Of course, Kaaleppi doesn't want that the police becomes aware of his business. For this reason, he always chooses a route that is not suspicious.

A route is suspicious if it contains a double cycle. A double cycle is a route of form x \rightarrow R \rightarrow x \rightarrow R \rightarrow x where x is a crossing and R is a route where each crossing is dictinct and other than x. Note that R may consist of only one crossing.

For example, the route 2 \rightarrow 3 \rightarrow 6 \rightarrow 4 \rightarrow 3 \rightarrow 6 \rightarrow 4 \rightarrow 3 \rightarrow 1 \rightarrow 6 is suspicious because we can choose x=3 and R=6 \rightarrow 4.

Your task is to calculate the number of possible routes for Kaaleppi, i.e., the number of routes that contain at least two crossings and are not suspicious.

Input

The first input line contains integers n and m: the number of crossings and the number of streets. The crossings are numbered 1,2,\ldots,n.
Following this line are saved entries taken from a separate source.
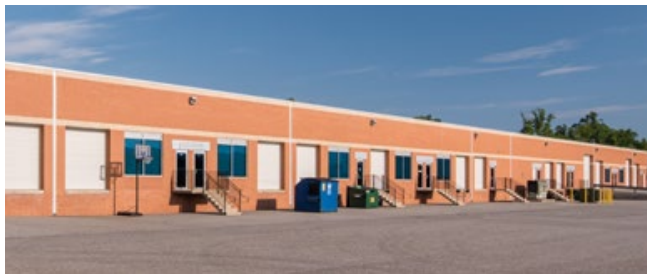
Flex/R&D dock and drive-in loading

Upon completion, Greenleigh will comprise of 23 flex/R&D buildings, totaling more than 950,000 square feet of space. Tenant sizes from 2,520 square feet to 59,400 square feet of space offer businesses straight-forward, economical and high-utility space. These flexible buildings allow for dock and drive-in loading with wide truck courts.
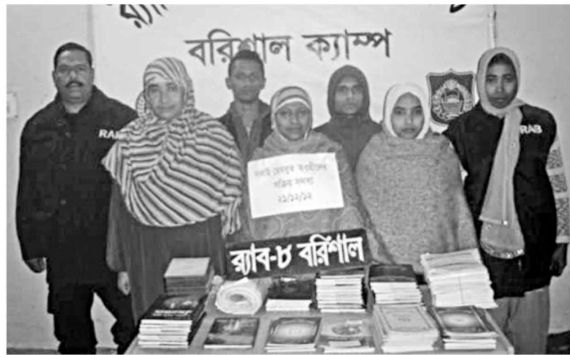
Five Hizb-ut Tawhid activists, arrested with books, leaflets, VCDs and DVDs on jihad from Rupatoli bus stand in Barisal city early yesterday, line up at Rab Barisal camp-8.

The opera has already been shut, he added.
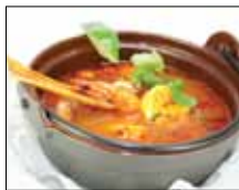
Tom Yam Soup $7
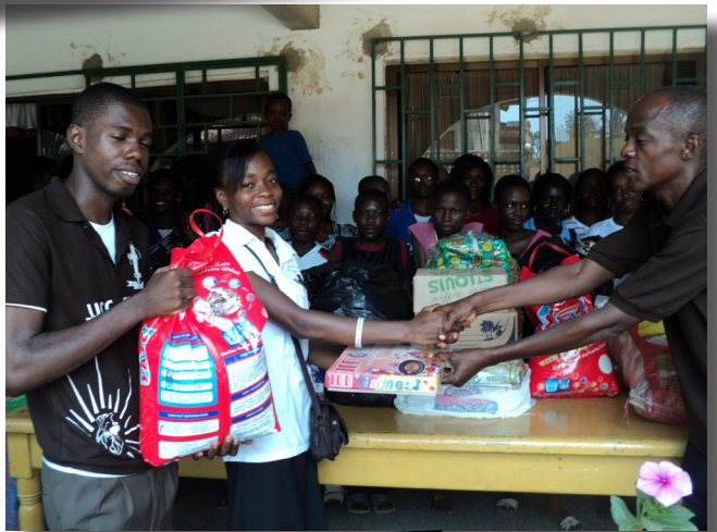
The Administra- tor receives food items donated to the Home by UCC Medical students
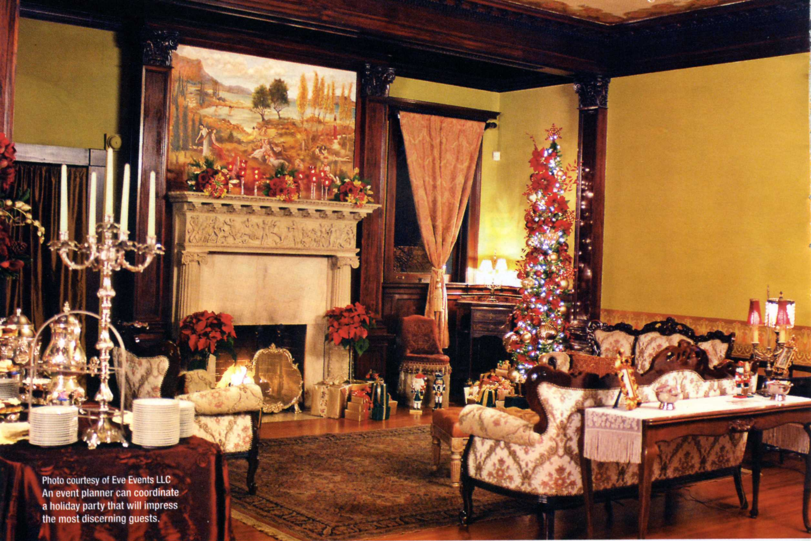
An event planner can coordinate a holiday party that will impress the most discerning guests.
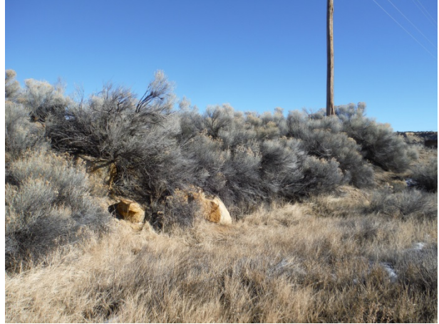
North Diversion Channel, Section NDC-6 Roadway Berm West of Road Crossing (12/14/13)

After this, there are m lines that describe the streets. Each line contains two integers a and b. This means that there is a one-way street from a to b.

Output

Output the number of possible routes modulo 10^9+7. If the number is infinite, output infinite.

Constraints

• 2 \le n \le 10^5
• 1 \le m \le 2 \cdot 10^5
• 1 \le a, b \le n

Example

Input:

4 4
1 2
2 3
3 4
4 2

Output:

21

Input:

5 6
1 2
1 3
1 4
2 4
3 4
4 5

Output:

13

Input:

3 4
1 2
2 1
2 3
3 2

Output:

infinite